This article to share the content is three kinds of commonly used Python Chinese word breaker tool, has a certain reference value, the need for friends can refer to
These three kinds of word-breaker tools, here to share the next ~
1.jieba participle:
#-*-Coding:utf-8-*-import osimport codecsimport jiebaseg_list = Jieba.cut (' Deng Chao, 1979 born in Nanchang, China, Chinese actor, film director, investment producer, Internet investors. ') F1 = Codecs.open ("D2w_ltp.txt", "W") print "/". Join (Seg_list) for I in Seg_list: f1.write (I.encode ("Utf-8")) F1.write (str (""))
Effect:
Deng Chao/,/1979//born/Jiangxi/Nanchang/,/China/mainland/actor/,/Film/director/,/investment/producer///Internet/investor/.
This includes stuttering participle and writing the file form
It is noteworthy that the stutter participle comes out of the character encoding is ' Unicode ' encoding, we need to put Unicode---Utf-8
2. Zhang Huaping Teacher's Nlpir
(Https://github.com/NLPIR-team/NLPIR)
Here's the GitHub address for Zhang Huaping, a friend you need to go to the teacher's git and get licence
There are two kinds: 10-day \ one-month
Of course, the detailed code and installation package I also uploaded to the csdn above, interested friends can see (or need to update licence)
It is worth mentioning that most of the domestic papers are using this word breaker tool, more authoritative
r = Open (' Text_no_seg.txt ', ' r ') List_senten = []sentence = ' Deng Chao, born in 1979 in Nanchang, Jiangxi Province, Chinese actor, film director, investment producer, internet investor. ' For I in seg (sentence): list_senten.append (i[0]) print "/". Join (list_senten) F1 = Codecs.open ("D2w_ltp.txt", "W") For I in seg (sentence): f1.write (i[0]) f1.write (str (""))
Effect:
Deng Chao/,/1979/born/In/Jiangxi/Nanchang/,/China/mainland/male/actor/,/Film/director/,/investment/production/people/,/Internet/investor/.

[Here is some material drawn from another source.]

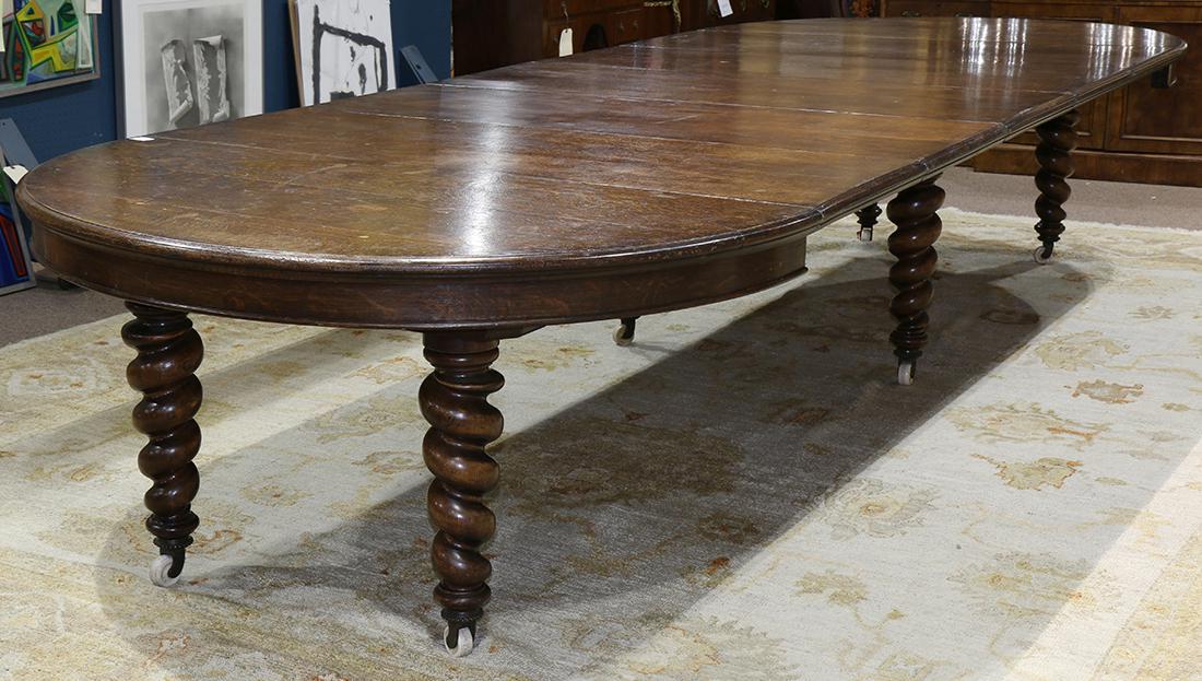 SoldVictorian oak dining table, center pillar & lion legs,Victorian quarter sawn oak dining table, with carved center pillar & lion legs, 2 lvs, beautiful base under a nicely grained table top, finish is nice, table can extend beyond the 2 leaves we have. ISee Sold Price

Of course, Nlpir has a good effect on named entity recognition:
Deng Chao nr, wd1979 year t born VI in P Jiangxi NS Nanchang NS, WD China NS Inland s male b actor N, wn film n director N, WN Investment n produced vi people n, WN Internet n investor N. Wj
3. Harbin LTP
#-*-Coding:utf-8-*-import osimport codecsfrom pyltp import segmentor# word def segmentor (sentence): segmentor = Segmen Tor () # Initialize instance segmentor.load (' Ltp_data/cws.model ') # load model words = segmentor.segment (sentence) # participle words_list = list (words) segmentor.release () # release model return WORDS_LISTF1 = Codecs.open ("D2w_ Ltp.txt "," w ") sentence = ' Deng Chao, born in 1979 in Nanchang, Jiangxi Province, Chinese actor, film director, investment producer, internet investor. ' Print '/'. Join (Segmentor (sentence)) for I in Segmentor (sentence): f1.write (i) f1.write (str (""))
Effect:
Deng//,/1979 Year/born/In/Jiangxi/Nanchang/,/China/mainland/male/actor/,/Film/director/,/investment/producer/,/Internet/investor/.